At the end of last year, the plight of Guangdong's clothing industry began to appear - far before the development of the financial crisis to the present scale of Wall Street - at that time, small manufacturing enterprises in the Pearl River Delta region began to fail.

Because of soaring production costs and depreciation of the US dollar against the renminbi, these small businesses find that they can no longer compete with larger and more efficient competitors in southern China and elsewhere.

What is even more puzzling is that the total export volume of Guangdong has been growing at an awesome speed, increasing by 17% between January and July this year.

Guangdong's exports account for 1/3 of the country's total exports.

One of the reasons for the elasticity of Guangdong's exports is its diversification and influence.

A province that can produce any product for any market has a very good hedging advantage.

The continued strong demand for home electronics and high-tech products offset the weakening effect of the garment industry.

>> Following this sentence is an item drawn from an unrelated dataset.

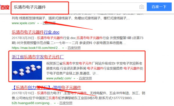 我們公司與浙江省樂清市宇發(fā)電子元件廠合作中,對這個公司所經(jīng)營的電子元器件這個行業(yè)提供了百度快照排名,與該公司的合作,更多的客戶讓我們公司為其提供百度快照排名,通過每一次合作,我們公司不斷完善自己,同時希望合作伙伴在經(jīng)營的路上越來越好。

Steven &S226, Fraser (Steven Fraser), head of regional sales at Hendon Semiconductors, Australia, points out that China's home appliance export enterprises that purchase integrated circuits from his company do not show signs of slowing down.

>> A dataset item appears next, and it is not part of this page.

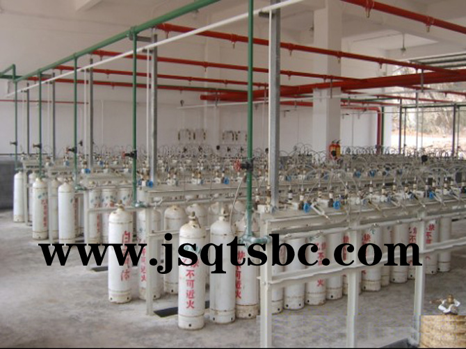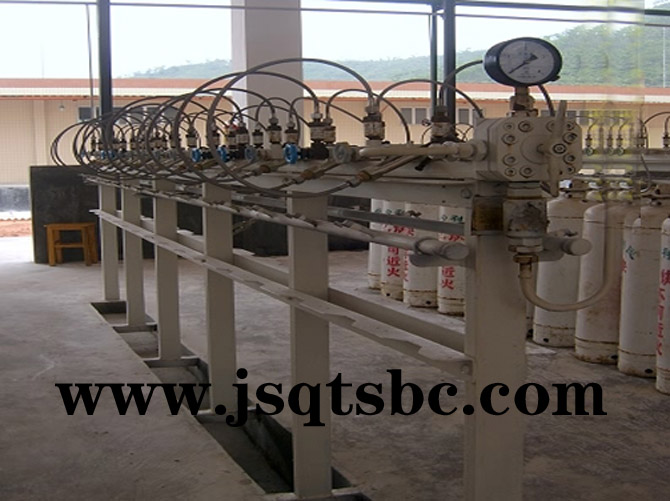 充灌氧气时在进入集容管前,下部装有气水分离器一个,以便及时在充瓶前分离氧气中的水份,净化氧气的纯度。防倒链是用于围圈氧瓶起固定作用的。气体汇流排是将数个气瓶分组汇合后进行减压,再通过主管道输送至使用终端的系统设备,主要用于中小型气体供应站以及其它适用场所。

Overall, the fact that the euro has strengthened and Guangdong's exports to Europe have increased by 27% has made up for the weakness of the US dollar and the weakening of the US market.

Even some textile business executives are optimistic about the recovery of the industry, especially those with larger scale.

"As a result of industry consolidation, our revenue growth is very good," said the chief executive officer of a large garment manufacturer in Hongkong. "There is a serious squeeze on profit margins, but the main ones are the smaller ones.

"He doesn't want competitors to know about his company's business.

Now, he added, the buyers' orders are now decreasing, but the number of manufacturers receiving orders has also decreased.

The end result is that larger and more flexible factories have more business.

In addition, the initial production is often low, but if the design is popular, there will be a large number of subsequent contracts.

Undoubtedly, the elimination of smaller enterprises (especially those with low value-added industries) is the Chinese government's intention all along.

Even the footwear industry in Guangdong is ultimately upgrading its value chain.

The ranking of shoes in Guangdong disguise many unscrupulous sweatshops.

In the first 6 months of this year, the number of footwear exports in Guangdong dropped by 16%, but the export volume increased by 10%.

In July this year, Premier Wen Jiabao and vice president Xi Jinping visited the Pearl River Delta region, which triggered speculation that the government might help export enterprises by raising export rebates.

"Actually, we got more orders from the United States," said Zhang Huarong, chairman of Huajian group. "Our profit margin has more than doubled as a result of strengthened management.

Huajian group is a large shoe manufacturer headquartered in Dongguan. It is one of the destinations of Wen Jiabao's visit.